▶ [Exercise goal]: Your task is to transcribe exactly, and only, the lines running from the one with "With its ridged" to the end of the listing below, inclusive, with every picture left out.

▶ [Data for this task]:
▬▬▬

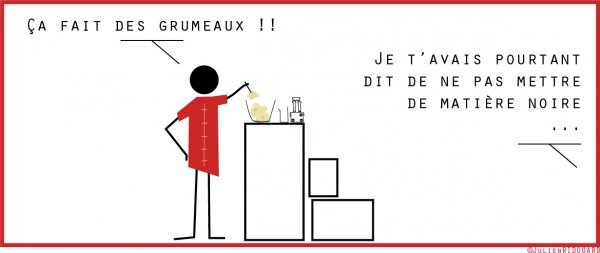 C’est là que la matière noire refait son apparition pour sauver la théorie ! Après le big-bang, les particules ne pouvaient pas se regrouper pour former des atomes à cause de la pression créée par les photons, ces grains de lumière, et les fluctuations primordiales étaient trop faibles. En revanche, la matière noire, elle, n’interagit pas avec les photons. Cette matière noire aurait donc pu créer des grumeaux, des fluctuations qui auraient permis la création des atomes, des galaxies et autres amas dans l’univers.
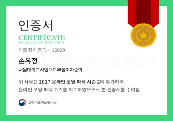 온라인 코딩 파티 참여하고 미션에 성공해 인증서를 받아보세요. 미션을 완료하면서 받은 인증서를 ‘인증서 자랑하기’에 등록해 주세요.
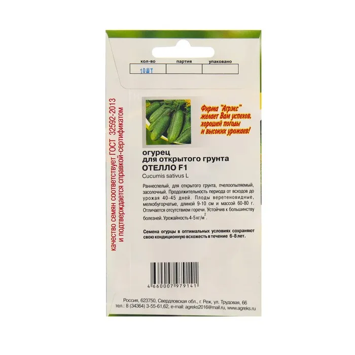 Огурец Отелло F1 - ранний пчелоопыляемый гибрид для открытого грунта корнишонного типа. Период от полных всходов до начала плодоношения 41–45 дней. Растение среднерослое. Огурец цилиндрический, зеленого цвета, мелкобугорчатый, длиной 8–10 см, массой 70–80 г, белошипый, генетически без горечи. В одном узле формируется 3–4 плода (пучковое плодоношение). Гибрид огурца Отелло F1 отличается отличным вкусом и товарными качествами, транспортабельностью, выровненностью корнишонов. Огурец Отелло F1 устойчив к мучнистой (Px) и ложной мучнистой росе (Pcu), кладоспориозу (Ccu), вирусу огуречной мозаики (CMV-1) и относительно устойчив к неблагоприятным факторам окружающей среды. Отелло F1 - прекрасный сорт огурца для консервирования и для употребления в свежем виде. Рекомендуемая схема посадки 70х30 см. Растения этого гибрида огурца можно выращивать в расстил на грядах или с подвязкой к опоре. Урожайность 8–10 кг/м2.
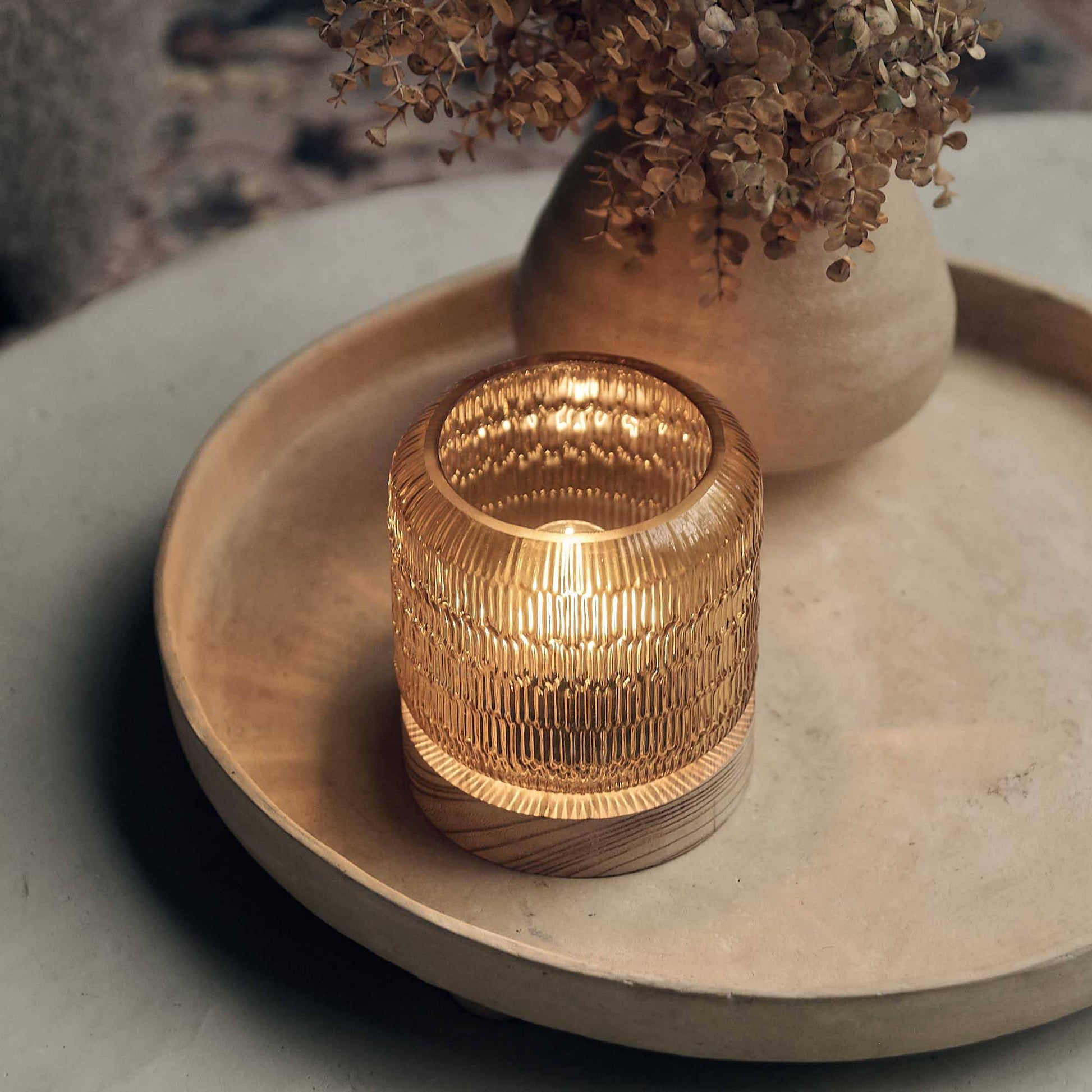 With its ridged glass design and wooden base, our Marielle Portable Table Lamp catches the eye while also creating the most inviting glow that you can take anywhere.
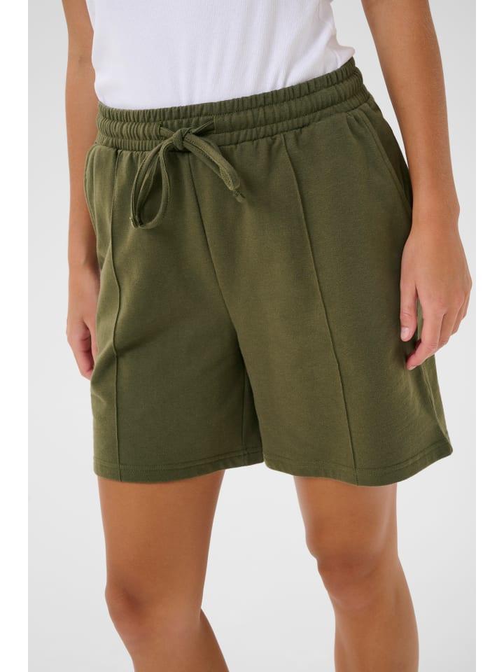 Шорты с эластичным поясом, кулиской и прямым, удобным кроем. Мягкий крой, боковые карманы и аккуратные строчки по низу.

▬▬▬

▶ [Task answer]:
 With its ridged glass design and wooden base, our Marielle Portable Table Lamp catches the eye while also creating the most inviting glow that you can take anywhere.
 Шорты с эластичным поясом, кулиской и прямым, удобным кроем. Мягкий крой, боковые карманы и аккуратные строчки по низу.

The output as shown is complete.